Bernstein flagged the two transactions as a change in TeraWulf's business model toward full ownership, direct customer relationships, and complete operational control. TeraWulf controls about 3.6 gigawatts of power assets across New York, Kentucky, and Maryland, a runway Bernstein expects to support 250 to 500 megawatts of new critical IT load each year.
TeraWulf agreed to sell its 50.1% stake in the Abernathy JV for $530 million, a roughly 18% return on the $450 million equity stake it invested, according to Bernstein. The joint venture was established in October 2025 to develop a 168-megawatt data center campus in Abernathy, Texas, with Fluidstack as both partner and anchor tenant. The buyer group is led by Fluidstack.

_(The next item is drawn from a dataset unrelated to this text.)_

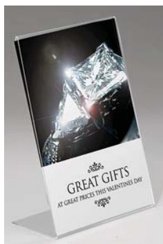
UK Point of Sale

Other companies such as Southern Gem, Noble Gift Packaging, Potters (London) Limited and Pollards International can all provide advice and product suggestions in this area, as can UK Point of Sale, whose acrylic sign holders and cable poster kits are pictured below.

Payment comes in three installments: $250 million within 14 days of signing, $150 million by the end of 2026, and the remaining roughly $130 million by April 30, 2027, subject to adjustment. TeraWulf plans to redeploy the proceeds into fully owned AI infrastructure buildouts, Bernstein said.
The improved Anthropic yield is offset by the loss of Abernathy JV income, leaving Bernstein's steady-state estimates little changed. The firm raised its CY30 adjusted EBITDA estimate by about $43 million after both adjustments.
Bernstein expects net AI revenue to climb from $209 million in CY26 to $1.7 billion by CY30, a compound annual growth rate of 70%. Bernstein also projects TeraWulf's HPC EBITDA to grow at a 94% CAGR over the same span, reaching $1.5 billion by CY30, with margins stabilizing around 85%.
Bernstein values TeraWulf at 21 times one-year forward EV/EBITDA on its CY30 steady-state estimate, discounted to a target enterprise value of $25 billion, arriving at the $36 target after adjusting for $6.6 billion in net debt.
The analysts flagged customer concentration as a downside risk, noting the orderbook rests on a handful of tenants that the company will need to diversify over time. WULF shares closed at $22.21 on Monday, up 4.9%, according to The Block's stock data.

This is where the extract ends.